Petropavlovsk PLC H1 2021 Trading Update
  • H1 2021 gold production totalled 195.0koz, a decrease of 39% versus 320.6koz in H1 2020.
  • Gold sales totalled 187.1koz in H1 2021 (H1 2020: 312.4koz).
  • Cash as of 30 June 2021 was US$34.4m (31 March 2021: US$7.5m).
  • Denis Alexandrov, CEO, said: “The first half of 2021 was a transitional period for Petropavlovsk as we prepared to launch the Pioneer flotation plant, which heralds the mine’s shift from processing non-refractory ore to being a producer of refractory concentrate to feed our Pokrovskiy POX hub. I am proud to highlight that we launched the plant one month ahead of our revised schedule. With the Pioneer flotation plant and increased deliveries of 3rd-party concentrate in the second half, we are confident of meeting our full-year production guidance for 2021.”
Computacenter PLC Trading Statement
  • The Group will deliver an adjusted profit before tax for the first half of 2021 circa 50% ahead of the same period last year.
  • Affected by substantial supply shortages in the industry caused by the shortage of key components and a strengthening of the pound against other currencies.
QinetiQ Group PLC First Quarter Trading Update
  • Revenue under contract for FY22 is at £940m, up from £800m at April 2021.
  • Expect to deliver in line with our expectations, with mid-single digit organic revenue growth at 11% to 12% operating profit margin.
  • Good order intake in the Cyber & Information business and strong revenue growth in the Maritime & Land business, partially offset by a slower quarter for Global Products.

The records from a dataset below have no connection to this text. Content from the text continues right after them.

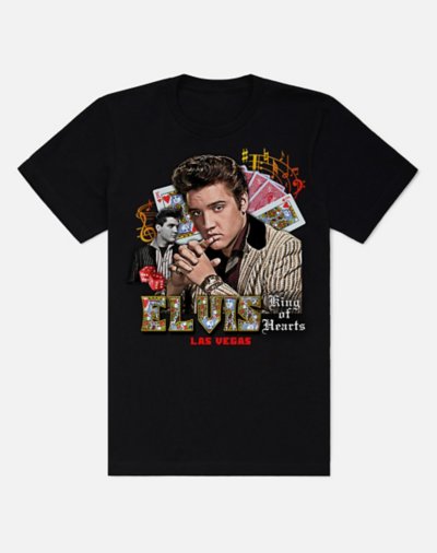 Show off the King of Hearts with this Elvis Presley Las Vegas t shirt! This stylish graphic tee is the perfect way to let everyone know your classic musical taste. Officially licensed Crewneck Short sleeves Material: Cotton Care: Machine wash; tumble dry low Imported This shirt is Unisex Sizing only For a fitted look, order one size smaller than your normal size.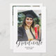 Este convite de graduação de fotos moderno, elegante e na moda apresenta uma foto vertical e um título com um nome de script personalizável e texto na frente. As costas têm um convite com os detalhes da festa. Uma forma excelente de mostrar seu formando. Clique no botão editar para personalizar este design.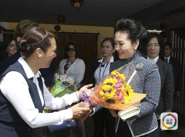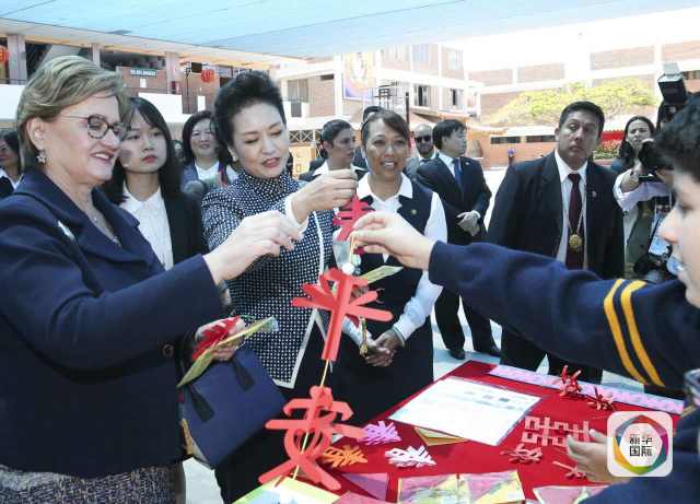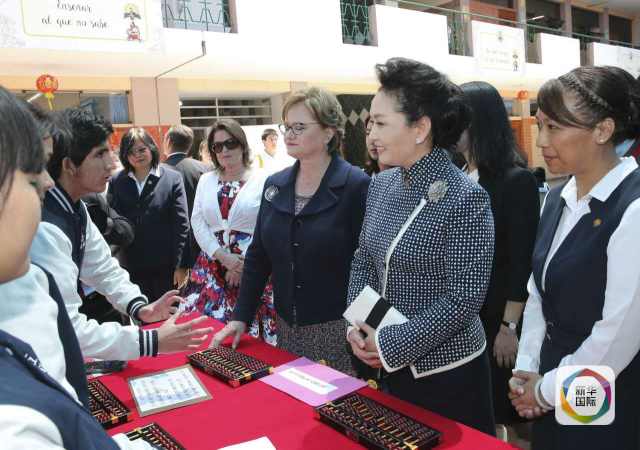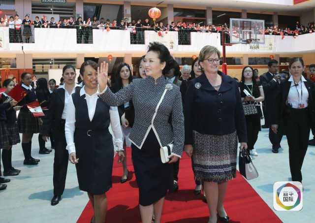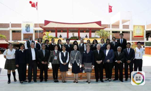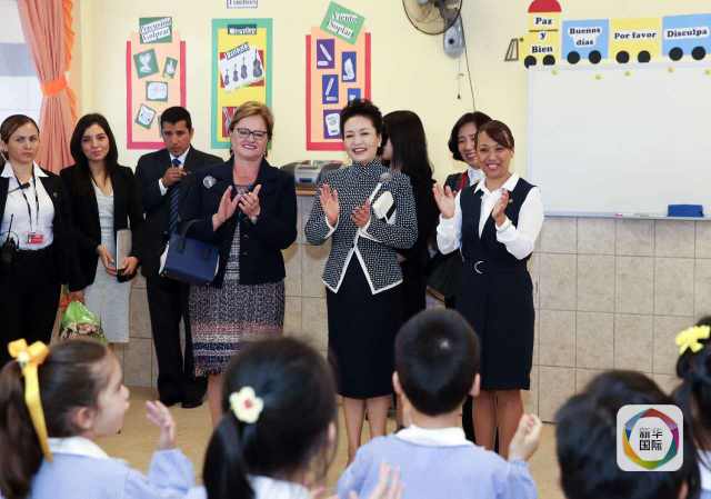 ??? 彭麗媛抵達(dá)時(shí),秘魯總統(tǒng)夫人蘭格和學(xué)校校長在下車處迎接,校長為彭麗媛獻(xiàn)上鮮花。若望二十三世秘中學(xué)校創(chuàng)辦于1962年,是從幼兒園到中學(xué)教育的全日制學(xué)校,也是秘魯乃至南美洲最具影響的華文學(xué)校之一。

Antofagasta PLC Q2 2021 Production Report
  • Group copper production in Q2 2021 was 178,400 tonnes, a decrease of 2.5% compared to the previous quarter.
  • Gold production for the quarter increased by 3.9% to 61,400 ounces.
  • Cash costs before by-product credits in the quarter were $1.77/lb.
  • Iván Arriagada, CEO, said: “The cost and production performance over the first half of this year was in line with guidance and supports our strong track record of resilience and operational excellence. We produced 361,500 tonnes of copper at a net cash cost of $1.14/lb over the period and retain guidance for the full year at 730-760,000 tonnes of copper at a net cash cost of $1.25/lb and capital expenditure of $1.6 billion.”
Hochschild Mining PLC Q2 2021 Production Report
  • Gold production in the second quarter at 53,418 ounces.
  • Silver production in the second quarter at 3.1m ounces.
  • On track to deliver overall 2021 production target of 360,000-372,000 gold equivalent ounces.
  • Ignacio Bustamante, CEO, said: “The second quarter results have been solid across our operations and we remain on course to deliver our production and cost targets for the year. In addition, drill results have continued to be encouraging at Inmaculada with 29 million silver equivalent ounces of high grade Inferred resources already added in the first half. We have also seen further positive results from the Snip project in Canada. Finally, today we have also announced that we will be holding a capital markets presentation in September which will cover our exciting rare earths project in Chile.”